How to Adjust Your Principal-Interest Breakdown in Quicken 2012 - dummies

How to Adjust Your Principal-Interest Breakdown in Quicken 2012

By Stephen L. Nelson

Not to bum you out, but when setting up loans in Quicken 2012, your principal-interest breakdown will often be wrong. You may calculate interest expense as $544.55 when your bank calculates it as $544.56. A few pennies here, a few pennies there, and pretty soon, your account balance and interest expense tallies are a few pennies off.

You can try calling the bank, telling whomever you talk to what a bozo he (or she) is, and then demanding that someone there correct your balance.

Or (and this method is really more practical) you can adjust your records to agree with the bank’s records. Here’s how:

  1. Display the register for the liability.

    To get to this account’s register, you just click the account name on the Accounts bar.

  2. Click the Account Actions button and choose the Update Balance command.

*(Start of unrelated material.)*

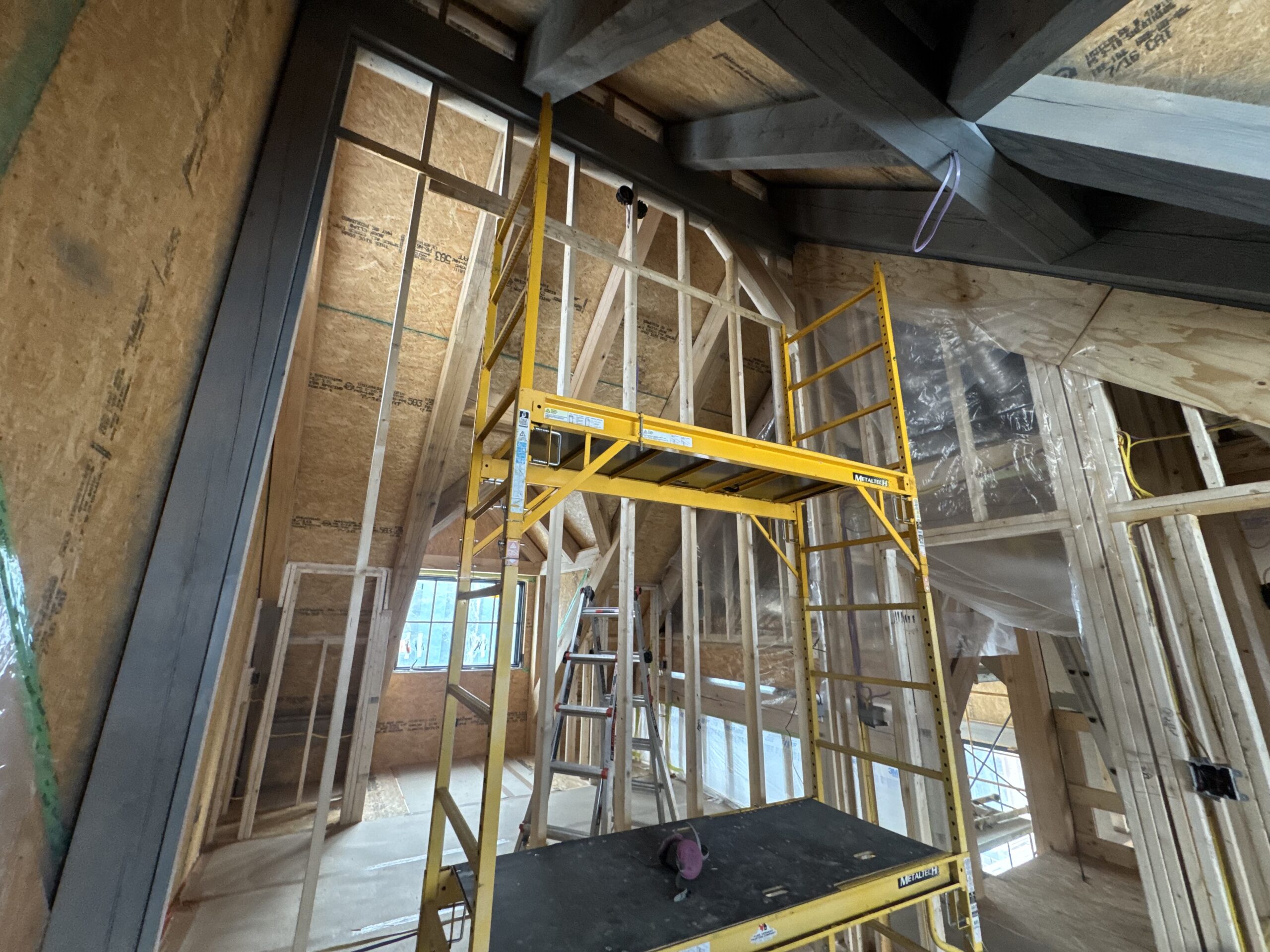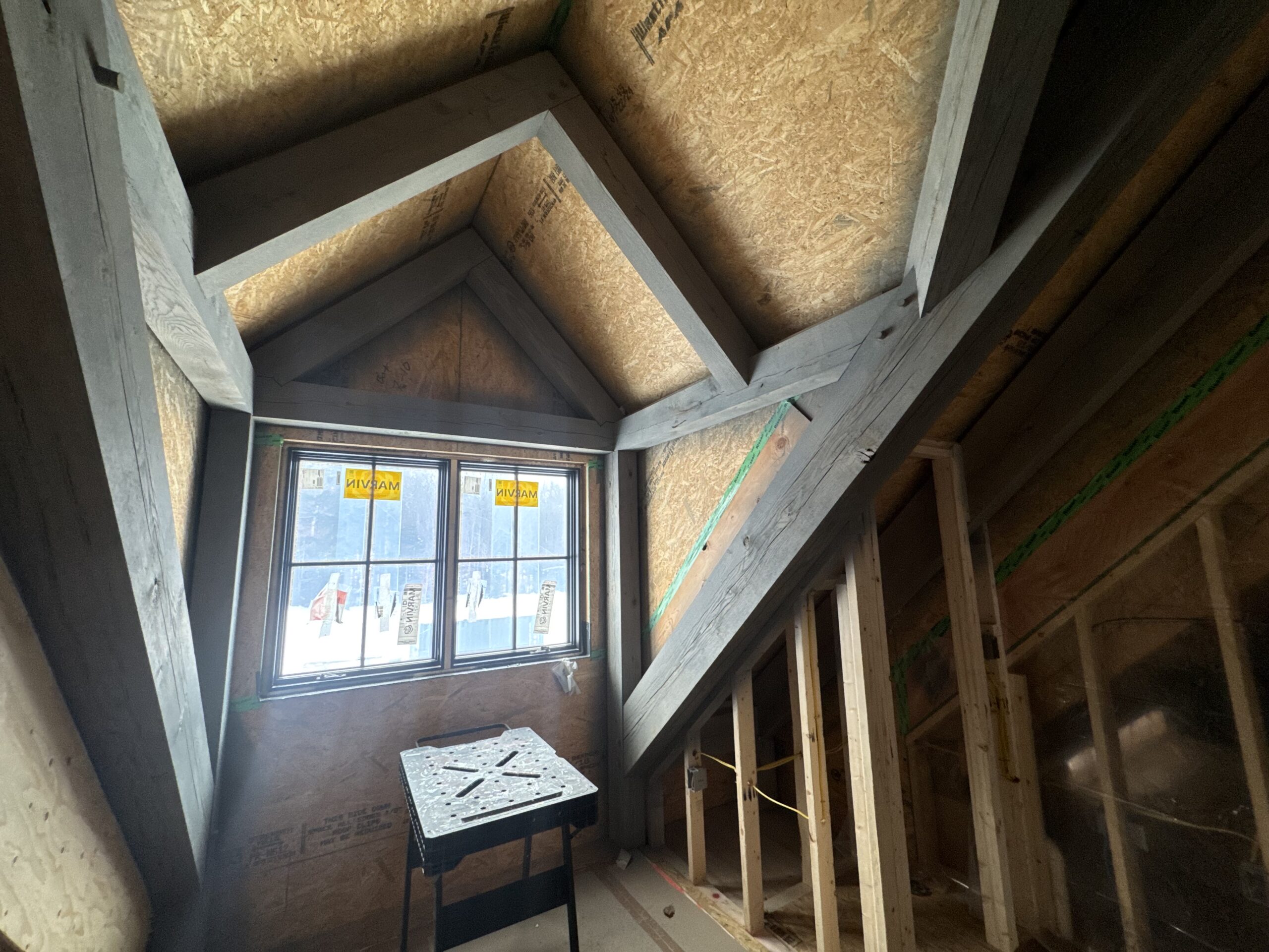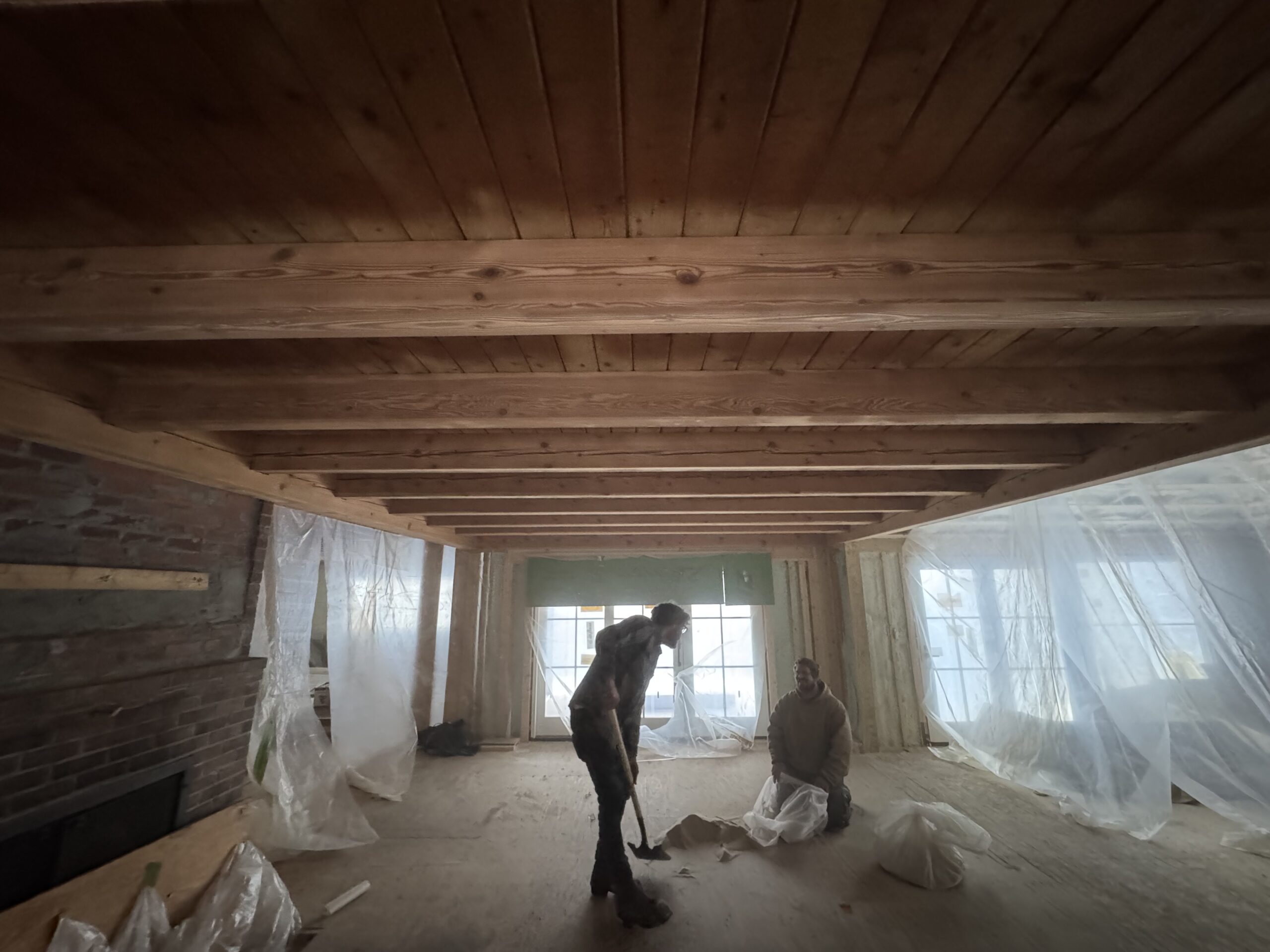 Interior beams sandblasted by Green Mountain Mobile Sandblasting and Powder Coating in off-grid Elmore Vermont home to remove unwanted stain

    (Go ahead. Tap your keys very hard if you’re angry that the bank won’t adjust its records.) Quicken displays the Update Balance dialog box.


  3. Enter the correct account balance (that is, the one that the bank says is correct).

    Type the correct figure in the New Balance text box. (The amount probably comes from the year-end or month-end loan statement.)

  4. Enter the last day of the month or year for which you’re making the adjustment.

    Enter a transaction date in the Adjustment Date text box. (You must use a transaction date that sticks the adjustment transaction — which fixes the principal-interest split — into the right month or year.)

  5. Record the adjustment.

    When the Update Account Balance dialog box correctly describes the needed adjustment, click OK.